Tufts of cacti and brown grass, thorny bushes, jagged dry earth below a sprawling blue sky. Western Colorado roads that seem to snake endlessly ahead of us and make me think that time has slowed here for centuries just like it does for us today. We just a business meeting and lunch and have now settled into the car to drive quietly, wistfully, on what will be our last week in Colorado.
34 days till our departure for India.
At T- 40 days we felt led to fast something until our departure. Tyler chose sweets and I- against my better judgement- chose coffee. Not the occasional frou-frou coffeeshop drink with a friend (because one cannot forfeit such a nostalgic habit before leaving the country for three years), but my many morning cups of joe. 4 days in and a dull headache reminds me how much I miss those cups of coffee and how tea is a very poor substitute! I am also reminded that God is preparing my heart and mind for the journey that lies ahead.
All of the unknowns and all of the joy that comes (truly) from surrender to so much that I cannot control.
Driving among the dried up hills I try to picture the rugged trails and the rugged faces we will meet in our new home. A long flight that lands in nighttime summer heat. Bustling taxis and luggage-wallas and over-populated intensity. Then an overnight train into the mountains. More clatter and negotiating on an early morning station platform. Then a taxi drive up switch-back roads (that have the most seasoned mountain-dwellers hanging sick out the window) to our final destination.
I’m so anxious to see where our “flat” will be located, if we’ll have a view of the valley, what our neighbors will be like.
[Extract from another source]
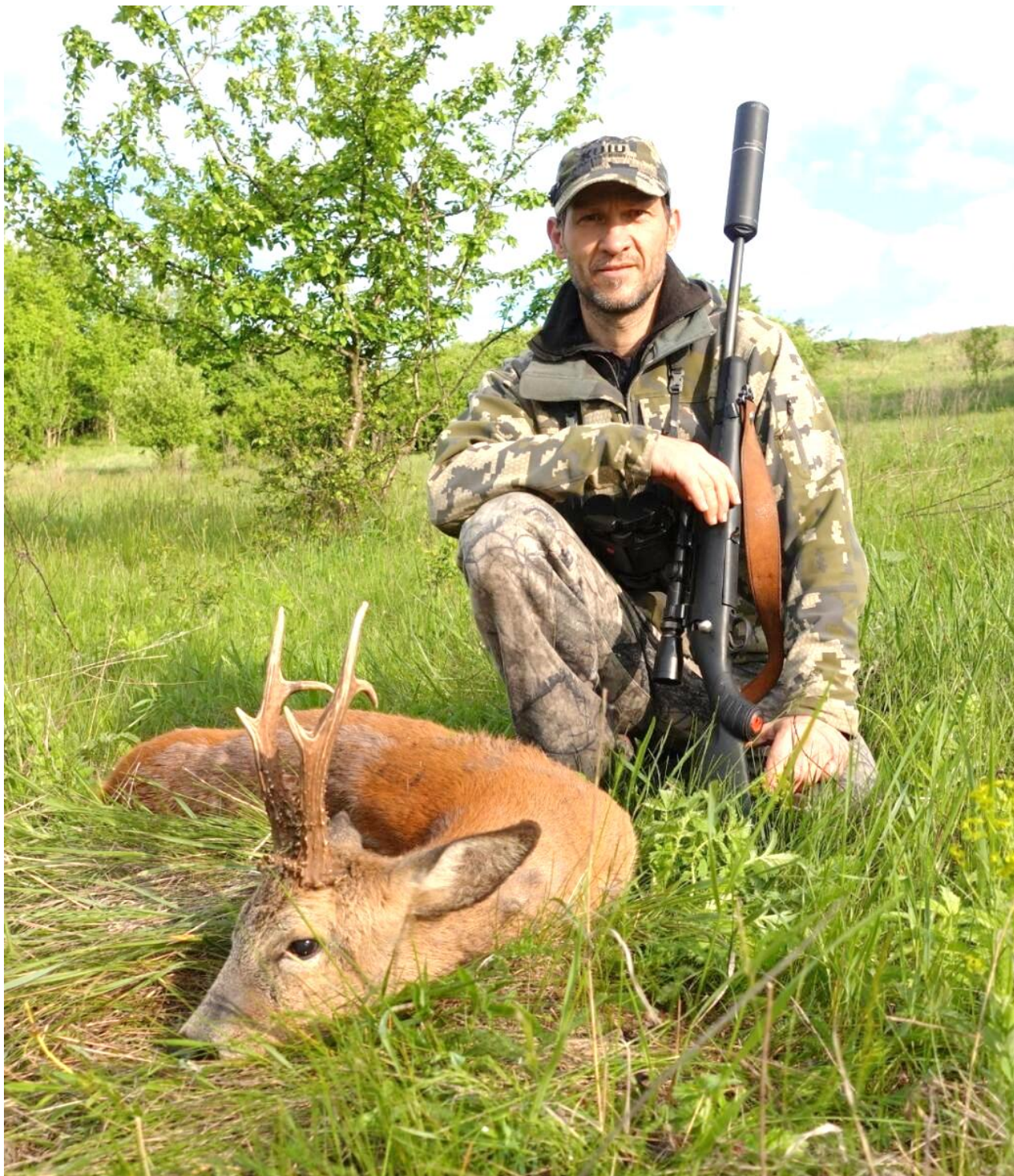
Трофейне полювання на самця козулі європейської (МХ «Фенікс Хантер», 2021)

I feel very human and finite as my fingers fidget and I imagine all of the unknowns. If transition were the Loveland Pass, we would be winding up and around to the peak of it, just as we’re doing today. When your engine’s pushing to get to the crest, you’re also preparing for the moment when you peak the top (and in today’s case we emerge from the Eisenhower tunnel, suddenly on the eastern side of the continental divide) and suddenly, you’re in a brand new place and now you’re shifting down and you’re coasting to your destination. You’re coasting and you’re hoping that you packed the right stuff and you took a bathroom break when there was a chance and you’re anticipating what the next stop will be like, but at this point, there’s no going back. There’s no going back up and over that tall mountain you’ve just put your everything into coming over. It’s downhill for a while now.
So that’s what this spot feels like. Gearing up before we crest the top and then coast down to “taste and see that The Lord is good” in all that we do not yet know.
We’re packing thermals and socks. Making lists. Taking long drives for final goodbyes. Deferring coffee to prepare my heart for the unknowns…for unforeseen potholes and hard days, along with new encounters and discoveries and growth deep deep within us. And most of all the joy that comes with surrendering to a God we can trust.